Although reggaetón began in Panama, it quickly spread throughout the Caribbean, and by the late 1980s/early 1990s multiple mixtures, recreations, and hybrids of the genre were formed. However, the genre became most popular within Puerto Rico, due to its massive commercial success. The country took it on as its own and it became the primary place in which reggaetón artists and stars originated.

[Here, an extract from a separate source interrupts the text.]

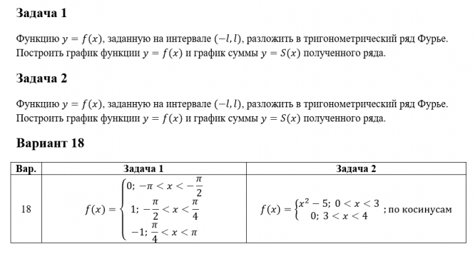 Задача 1 Функцию y=f(x), заданную на интервале (-l,l), разложить в тригонометрический ряд Фурье. Построить график функции y=f(x) и график суммы y=S(x) полученного ряда. Задача 2 Функцию y=f(x), заданную на интервале (-l,l), разложить в тригонометрический ряд Фурье. Построить график функции y=f(x) и график суммы y=S(x) полученного ряда. Вариант 18 Вар.Задача 1Задача 2 18f(x)={█(0; -π<x<-π/2@1; -π/2<x<π/4@-1; π/4<x<π)┤f(x)={█(x^2-5; 0<x<3@0; 3<x<4)┤ ;по косинусам .

In addition, during the mid-1990s the beat "dem bow", created by Shabba Ranks, characterized the genre and gained mass popularity. This characterization of reggaetón acted as a way to set the hybrid genre apart from Panama's original sound of "Spanish reggae". At this point the genre took off, and was being produced and performed by artists throughout Latin America and the US including artists such as Daddy Yankee, Don Omar, Wisin & Yandel, Ivy Queen and more.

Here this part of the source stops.